FHM's second sexiest woman in the world (what?) plays Sydney, a blind concert violinist who undergoes surgery to replace her duff eyes with those of a dead donor. When the bandages come off, Sydney's sight is far from 20/20, and she starts seeing ghostly blurs in her peripheral vision. Coupled with deathly visions and the stinkiest cheese nightmares imaginable (you gotta have a dream sequence), Sydney becomes convinced she's suffering an experience known as 'Cellular Memory'; a phenomenon in which new owners of transplanted organs inherit characteristics of the donor. They say the eyes are the window to the soul, but in Sydney's case, they're a window to something much more terrifying.

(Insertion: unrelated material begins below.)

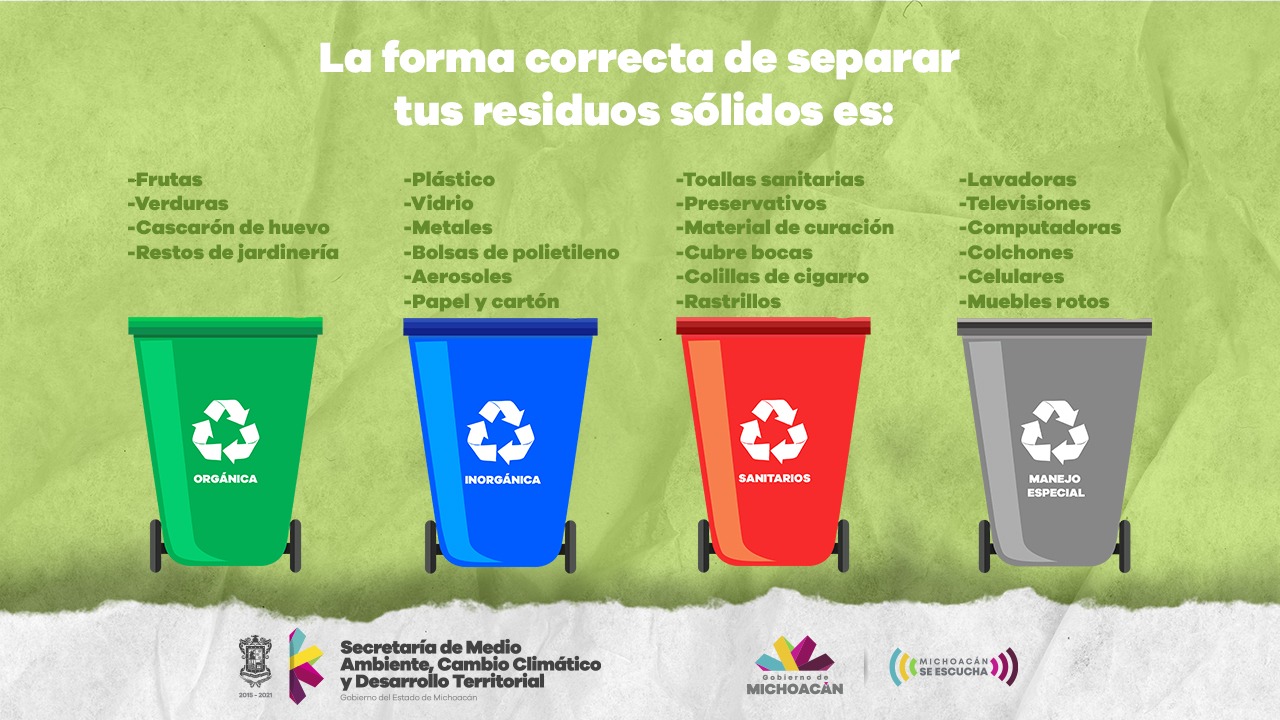 La forma correcta de separar los residuos desde el hogar es tan sencilla, abundó Luna García, quien recordó que deben ser: Orgánicos: considerados los residuos sólidos biodegradables, restos de frutas y verduras, cascarón de huevo, restos de jardinería y se identifican con el color verde.

Behind the camera are David Moreau and Xavier Palud, the Frenchmen who delivered one of the best thrillers in recent memory with home invasion horror Them. They're on familiar territory here - scares are delivered swiftly and sneakily - with the audience's vision often as blurred and obscured as the film's protagonist. It's a smart move; the numerous beasties on show are never seen fully, only in fleeting glimpses, meaning the CG needn't be scrutinised too closely - one faceless, floating apparition hovers eerily outside the field of vision. Occasionally the stirring score can feel a bit too much like it's leading you by the hand, and you'll often feel mugged by some of the cheaper scares - there are some real wham-bam, thank you-maam shocks - but for the most part, chills are delivered effectively and efficiently. Anyone who winces at ocular torture will be suitably grossed-out.
Alba, bless her, just doesn't have the range to truly own a role like this, but this is one of her better recent efforts (although that's something of a back-handed compliment). With weeping peepers and a bed-head hairdo only a blind woman could sport, she's clearly been ugged over by make-up but there's no disguising this is one of the most glamorous women on the planet. The requisite shower scene (through frosted glass - classy!) and a few gratuitous underwear shots are the price she pays for roles like this - Alba doesn't quite have the conviction to play haggard or haunted just yet. Tellingly, she trained to play the violin for six months prior to shooting, yet only a few brief scenes of her playing are shown - perhaps half as many as there are of her arse. Poor girl.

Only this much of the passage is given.